Located in the Central Interior-Fraser Canyon region of British Columbia, Tsal’alh First Nation’s advisory was in effect since November 30, 2016.

“I am pleased to see continued progress on our commitment to end all long-term drinking water advisories on public systems on reserve. I would specifically like to commend the people of Tsal’alh First Nation for their perseverance while this advisory remained in place,” said Jane Philpott, Minister of Indigenous Services. “We are determined to work with partners to ensure that all First Nations communities can access clean and reliable drinking water.”

At the end of January, Indigenous Services Canada released its plan to terminate all long-term drinking water advisories by March 2021. The plan received pushback from some First Nations communities for excluding communities under one-year boil water advisories.

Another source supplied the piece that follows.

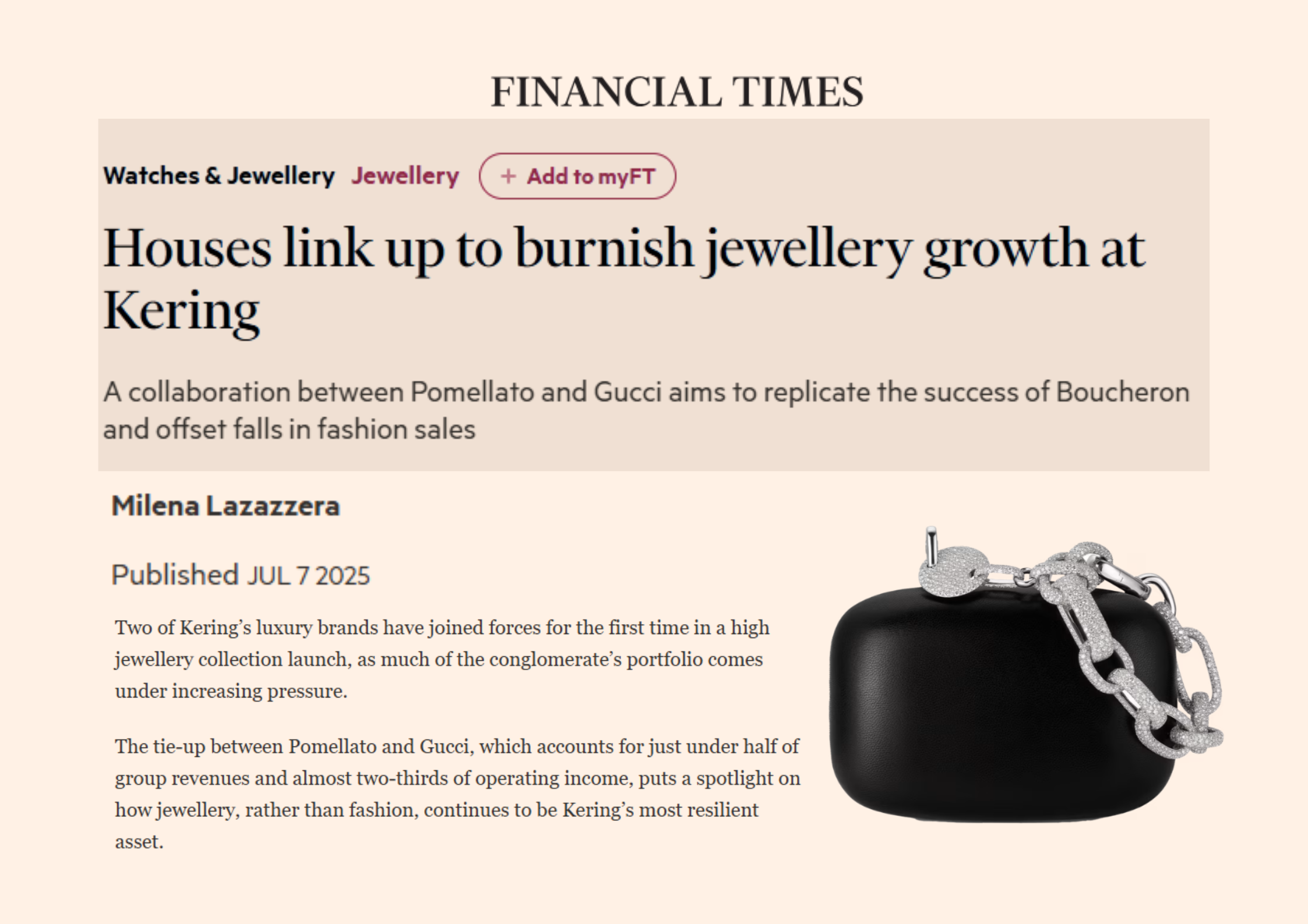Financial Times by Milena LazazzeraAchim comments on the Gucci-Pomellato collaboration, viewing it as a smart way for Kering to navigate the current environment.

As well, First Nations communities challenged the plan for failing to “make an advancement in the rankings mandate.”

Budget 2016 provided $1.8 billion over five years to significantly improve on-reserve water and wastewater infrastructure, to ensure proper facility operation, maintenance, and to support training of water system operations. In addition, Budget 2016 also included $141.7 million over five years in new funding to improve drinking water monitoring and testing on reserve.